Your answer must be a word-for-word copy of the listing, with all pictures excluded.

DATASET EXTRACT below:

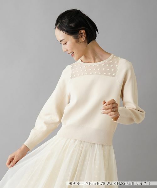 透け感のあるドット柄のチュール切り替えが特徴的で、フェミニンさとモダンさを兼ね備えたニットトップス。シンプルなデザインながらも、ディテールにこだわった仕上がりで、上品な印象を与えます。背中部分のファスナーデザインがさりげないアクセントに。袖に少しボリューム感があり、シルエットにメリハリをつけ、女性らしさを引き立てます。スカートやパンツスタイルにも合わせやすく、カジュアルにもきれいめなスタイルにもぴったりです。
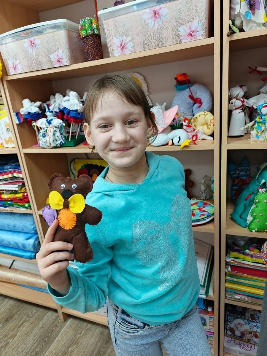 Для изготовления игрушки девочкам были предложены шаблоны разных животных. Определившись с выбором, девочки подобрали необходимый материал, освоили петельный шов и приступили к пошиву игрушки. Девочки кропотливо трудились над своими изделиями и в итоге остались очень довольны результатом.
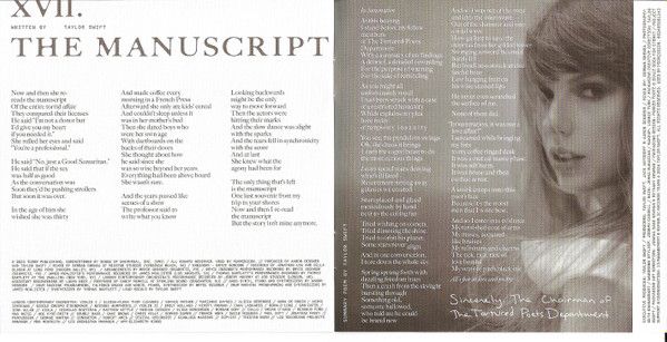 - The Manuscript (Written-By – Taylor Swift) 3:44

End of DATASET EXTRACT.

* SOLUTION TO THIS PROBLEM *
 透け感のあるドット柄のチュール切り替えが特徴的で、フェミニンさとモダンさを兼ね備えたニットトップス。シンプルなデザインながらも、ディテールにこだわった仕上がりで、上品な印象を与えます。背中部分のファスナーデザインがさりげないアクセントに。袖に少しボリューム感があり、シルエットにメリハリをつけ、女性らしさを引き立てます。スカートやパンツスタイルにも合わせやすく、カジュアルにもきれいめなスタイルにもぴったりです。
 Для изготовления игрушки девочкам были предложены шаблоны разных животных. Определившись с выбором, девочки подобрали необходимый материал, освоили петельный шов и приступили к пошиву игрушки. Девочки кропотливо трудились над своими изделиями и в итоге остались очень довольны результатом.
 - The Manuscript (Written-By – Taylor Swift) 3:44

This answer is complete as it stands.